La Corte, anzitutto, ribadisce la colposità della condotta tenuta dalla Palladino: si reputa infatti negligente e imperita, “la condotta del medico che prescriva e somministri medicinali potenzialmente idonei a interferire su funzioni essenziali della persona, senza verificarne preventivamente, con i mezzi scientifici a disposizione, la tollerabilità da parte del paziente e l’inesistenza di controindicazioni e senza verificarne gli effetti nel corso della terapia”. D’altro canto si sottolinea che una simile valutazione va fatta tenendo anche in considerazione il “rapporto costi benefici (nel senso che è possibile la somministrazione di un farmaco potenzialmente pericoloso quando i rischi della malattia non siano altrimenti contrastabili e appaiano più gravi delle potenziali conseguenze della somministrazione del farmaco); ma, nel caso di specie, nessun elemento induce a ritenere che la patologia della paziente (obesità) fosse di gravità tale da indurre alla somministrazione dei farmaci”.

Passando poi ad analizzare la sussistenza del nesso eziologico tra la somministrazione della jodiocaseina e l’evento morte, i giudici sottolineano che l’accertamento in sede di merito è stato compiuto non in termini probabilistici, come sostenuto dalla difesa della Palladino, bensì secondo i parametri di certezza processuale e di elevata credibilità razionale richiesti dalle Sezioni Unite.

Si è anzitutto stabilito con certezza, definita addirittura “inattaccabile”, che l’ipertiroidismo della Modeo era una diretta conseguenza dell’assunzione del farmaco somministratole dalla dottoressa: ciò è stato sostenuto, non solo sulla base della letteratura medica acquisita tramite diverse consulenze tecniche, ma anche considerando le indagini cliniche e gli esami strumentali eseguiti sulla

paziente prima e dopo la sua morte, nonché la diagnosi di ipertiroidismo di natura iatrogena fatta da tutti i medici che visitarono la Modeo durante i suoi ricoveri in vari ospedali.

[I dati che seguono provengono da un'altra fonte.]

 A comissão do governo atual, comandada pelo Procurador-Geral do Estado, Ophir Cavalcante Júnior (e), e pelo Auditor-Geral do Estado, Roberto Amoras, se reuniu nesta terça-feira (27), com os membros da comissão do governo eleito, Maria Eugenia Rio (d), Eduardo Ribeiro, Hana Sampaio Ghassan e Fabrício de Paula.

I giudici di merito hanno inoltre escluso l’eventuale esistenza di un’ipotesi alternativa rispetto a quella della natura iatrogena dell’ipertiroidismo, confutando la tesi avanzata dal consulente tecnico dell’imputata, secondo cui la Modeo sarebbe stata affetta da una pregressa tiroidite subacuta silente.

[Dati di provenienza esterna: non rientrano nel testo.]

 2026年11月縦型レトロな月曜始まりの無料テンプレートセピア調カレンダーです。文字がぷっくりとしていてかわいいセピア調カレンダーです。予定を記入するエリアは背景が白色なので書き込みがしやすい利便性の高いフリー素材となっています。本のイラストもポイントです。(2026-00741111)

La stessa interazione tra letteratura scientifica e peculiarità del caso concreto ha poi portato i giudici a sostenere la sussistenza del nesso eziologico tra ipertiroidismo e scompenso cardiaco. I giudici richiamano analiticamente i vari contributi della comunità scientifica nei quali si afferma che tra gli effetti dell’ipertiroidismo vi sono le alterazioni cardiovascolari e sottolineano che proprio lo scompenso cardiaco si può manifestare anche in pazienti giovani come la Modeo. Essi precisano, inoltre, che considerata la gravità, le modalità e l’entità dello scompenso concretamente manifestatosi, non esistevano altre cause da sole sufficienti a determinarlo, sottolineando quindi che eventuali differenti condizioni interagenti avrebbero al più potuto assurgere a mere concause dell’evento.